Resulta que el superdelegado Reyes Flores Hurtado se quiso pasar de lanza al decir que en Coahuila “andan muchos dinosaurios medio mañosos sueltos”, refiriéndose a los políticos priistas que siguen trabajando muy unidos, con mejor armonía que en Morena y el PAN, este último el partido de Reyes Flores al que tanto asustan los dinosaurios, sin voltear a ver a su patrón Santana Armando Guadiana Tijerina, mejor conocido como don Perpetuo del Rosal, idéntico al personaje de los Supermachos de Rius, ahora en las filas de la cuarta transformación (4T).

Y el mismo Reyes Flores sabe que don Santana es un ente anacrónico y contradictorio, la caricatura de don Perpetuo, como lo han llamado en los diarios de la capital.

Además, si lo vemos de acuerdo a su perfil taurómaco, el senador Guadiana mucho se asemeja a un tablajero, digamos que a un Bill Cutting, el siniestro carnicero de las Pandillas de Nueva York, con todo y el bigotazo.

Lo más contradictorio es ver al senador Guadiana junto al panista Reyes Flores militando en la 4T, porque ambos representan un peso muerto para Morena. Como lo fue Lily Téllez, pero esta con más dignidad y congruencia que estos “socialistas”.

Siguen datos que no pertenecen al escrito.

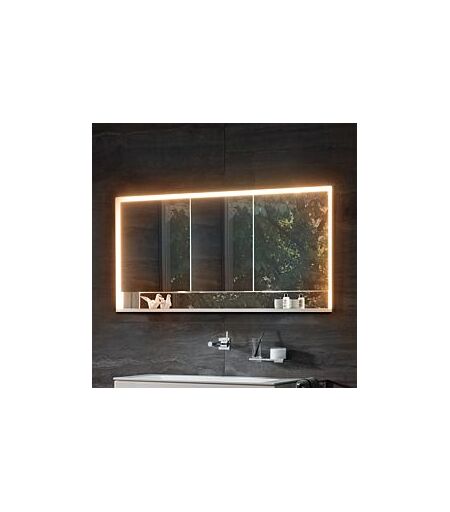 Keuco Royal Lumos Spiegelschrank 14315171301 Artikelnummer 14315171301Maße: 1200 x 735 x 165 mmWandeinbau-ModellTiefe vor der Wand: 35 mm3 Drehtüren aus Kristall-Doppelspiegeloffenes Ablagefach über die ganze Breitemit Tür-Anschlagdämpfermit Softclosing-ScharnierenKorpus in Aluminium silber-gebeizt-eloxiertRückwandverspiegelungHerstellergarantie: 5 JahreErsatzteilversorgung: 10 Jahreinklusive BefestigungsmaterialGerman Design Award 2018 WinnerBeleuchtung:stufenlos einstellbare Lichtfarbe von 2700 Kelvin (warmweiß) bis 6500 Kelvin (Tageslicht)Rahmenbeleuchtung und Waschtisch-/Fachbeleuchtungseparat stufenlos dimmbar und ein-/ausschaltbarLED 65 Watt (Lebensdauer > 30.000 Std.) 65 kWh/1000hAustausch der LED-Streifen mit Steckverbindungen durch FachhandwerkerBedienung:Tastenfelder mit kapazitiver Touch-Sensorikintegrierte Nebenstellenfunktion für z. B. RaumschalterInnenausstattung:großzügiges Stauraumangebotvariable Innenaufteilungverspiegelte Rückwand2 Steckdosen6 höhenverstellbare Glasablagen ...

Y no es común que un empresario minero sea militante y además senador de un partido de izquierda. Bien describe el novelista Émile Zola a los dueños de las minas como explotadores de los sufridos mineros. Y no exageramos al decir que su novela “Germinal” bien aplica hoy a la región carbonífera de Coahuila, con su halo de tristeza, desempleo y miseria, el fracaso rotundo del senador Guadiana en la tierra que lo vio nacer.

Dueño de un considerable poder económico, Guadiana también ambiciona el poder político. Una combinación que el mismo AMLO repudia y que va en contra de la 4T. Esa es otra de las grandes contradicciones de este senador que nada tiene que ver con la izquierda. No importa lo que opine AMLO y su partido, esto ya lo había advertido hace 30 años don Juan Sánchez Navarro, el gran ideólogo de los empresarios mexicanos que reprobaba sus ambiciones políticas.

Otra de los choques que tiene don Santana con la izquierda es su pasión taurina, una afición que es rechazada por la mayoría de los partidos de izquierda.

Y es que Guadiana Tijerina se siente muy orgulloso de ser criador de reses bravas, las que luego son torturadas con saña inaudita hasta ahogarlas en su propia sangre, martirio que según Guadiana es sinónimo de donaire y gallardía. Algo tan sublime como ver al desalmado carnicero Bill Cutting destazando seres vivos.

Y vaya que son patéticos don Perpetuo y Reyes Flores pretendiendo ser castizos sin tener casta para serlo. Son los clásicos políticos de San Garabato, pero con más demagogia, cinismo y más promesas sin cumplir.

Porque Reyes y Guadiana son lo peor de la 4T en Coahuila junto con Eva Galaz, Ricardo Mejía Berdeja, Elisa Villalobos, Eduardo Ortuño, José Ángel Pérez, Ignacio Corona, Ulises Hernández y Luis Fernando Salazar. Y si estos son los que van a transformar Coahuila, entonces es urgente buscar a don Isidro López y rogarle que regrese a la política. No importa si ahora es un anarcocristiano estalinista, don Chilo siempre será más serio y congruente que esos militantes de la izquierda vernácula.